A bipartisan group of lawmakers in the House are unveiling Monday their proposal to resolve the immigration standoff in Washington, even as the White House has offered a more conservative plan.
The group of 48 lawmakers, split evenly by party, are calling for their immigration-border security outline to be included in a budget deal that has evaded congressional leadership for months because of the impasse on immigration and other issues.
The Problem Solvers Caucus has worked since last fall to come up with a solution on the Deferred Action for Childhood Arrivals program, which protected young undocumented immigrants who came to the US as children from deportation and which President Donald Trump decided in September to terminate by March 5.
The Problem Solvers proposal resembles an offer from a bipartisan Senate group led by Sens. Lindsey Graham, R-South Carolina, and Dick Durbin, D-Illinois, which was rejected by Trump and has been declared dead in the Senate by GOP leadership.
The White House, meanwhile, last week unveiled its own proposal that would offer a pathway to citizenship for nearly 2 million undocumented immigrants but contains a number of other sweeping immigration changes that met instant resistance from the left.
It's unclear why the Problem Solvers Caucus proposal would have more success than the Durbin-Graham proposal, but the bipartisan group has been negotiating for months in the hope that if enough rank-and-file members can show consensus across the aisle, it could pick up steam with leadership as an option as funding talks continue without success, and provide a counterpoint to hardline bills pushed by more conservative House Republicans.
The latest short-term government funding runs out February 8, a week from Thursday.
"I am frustrated that there are so many partisan extremists that are more interested in achieving political victories than in actually solving these important issues," Republican New York Rep. Tom Reed, who co-chairs the caucus, said in a statement.
"No one got everything they wanted, and that's the reality of governing - and I didn't feel the (DACA recipients) could wait any longer," added New Jersey Rep. Josh Gottheimer, the Democratic co-chairman.
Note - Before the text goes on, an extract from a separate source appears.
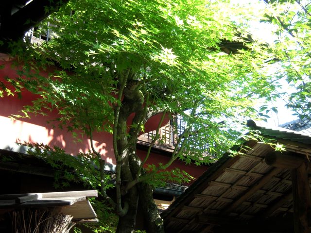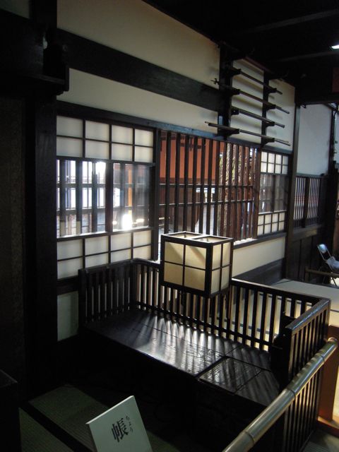 お座敷の一部の壁にも使われていますが、ベンガラの赤を使った壁は高貴な方を迎えるための色。京都でも昔は桂離宮や仙洞御所、一力亭、ここ角屋、あと2箇所どこだったかしら。の、6箇所にしかゆるされていなかったということです。

In the deal, qualifying young undocumented immigrants would have a 10- to 12-year pathway to citizenship, provided they have a clean criminal record and have paid taxes.
The border security piece of the deal would appropriate the President's request for this coming fiscal year: $1.6 billion for physical barriers, such as wall and fencing, and $1.1 billion for technology and other measures. It would also appropriate money for drug screening, border access roads and personnel and authorize a study on adding fees to related activities -- like crossing the border -- that can then be spent on border security.
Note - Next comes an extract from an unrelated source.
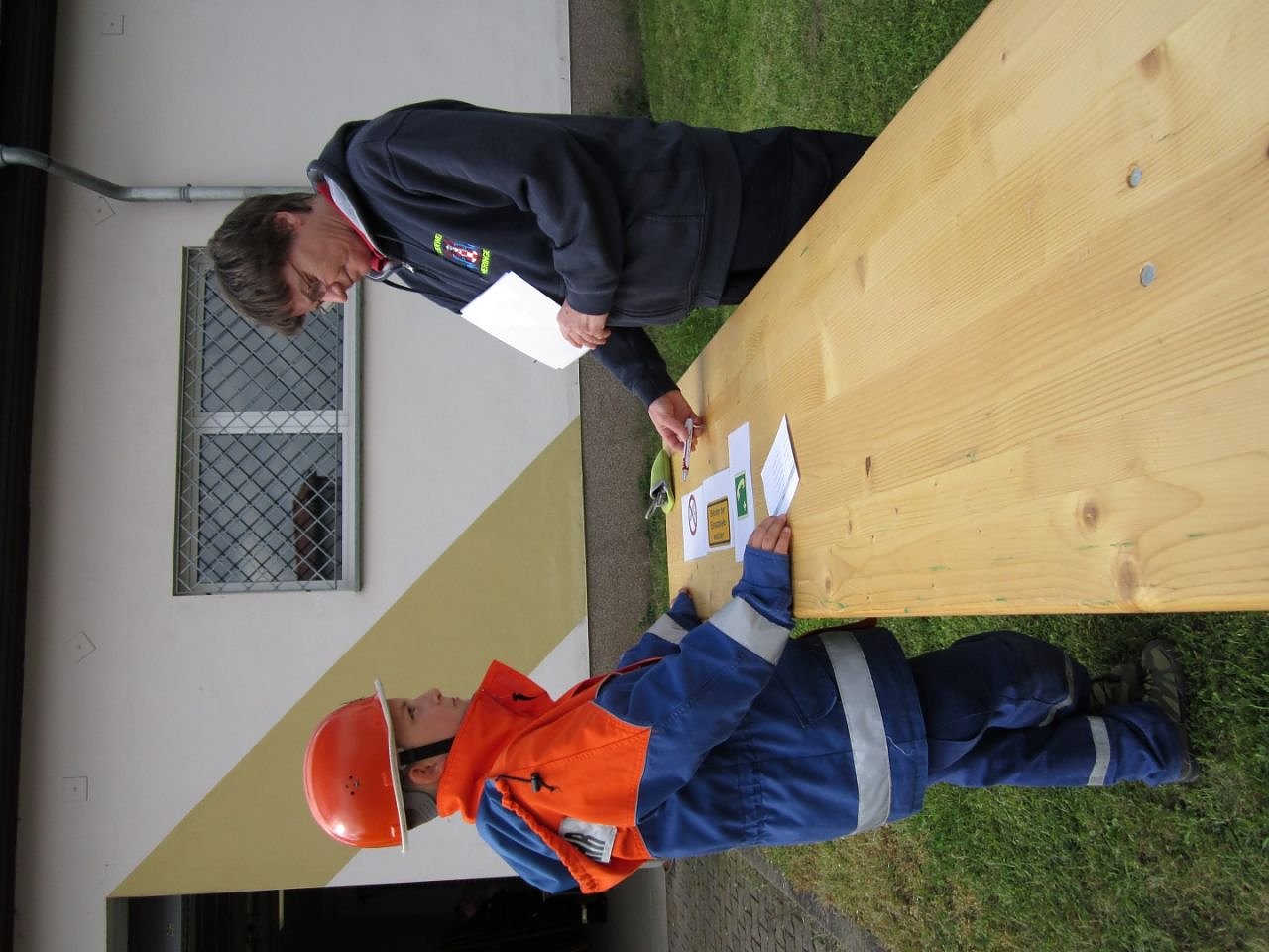 An sechs verschiedenen Stationen galt es beispielsweise, Kenntnisse und Fertigkeiten in der Knoten- und Gerätekunde anzuwenden, Hinweisschilder aus dem Bereich Wasserentnahmestelle zu erkennen oder fünfzehn Fragen rund um das Feuerwehrwesen zu beantworten. Die Aufgaben mußten zum Teil in Einzelabnahme oder im Team erfüllt werden. Die fachliche Aufsicht hatten dabei die Jugendfeuerwehrwarte aus den Ortswehren. Am Ende erhielten alle Absolventen nach der Bewältigung der gestellten Aufgaben ihre Urkunden sowie die heißersehnte goldene Anstecknadel als sichtbares Zeichen der erfolgreichen Teilnahme aus den Händen der Kreis-Jugendfeuerwehrwartin Manja Bernsdorf.

To answer the other two "pillars" of what the White House has demanded, ending the diversity lottery and curtailing family migration, the bill would eliminate the diversity visa but create a new merit-based visa for underrepresented countries with education, work and language requirements. Half of the visas would also go initially toward allowing recipients of Temporary Protected Status to stay in the US after the Trump administration ended their protections.
The bill would prevent parents who brought their children illegally to the US from being sponsored for citizenship by those children once they become citizens, but would give them three-year legal work permits to stay in the US without citizenship.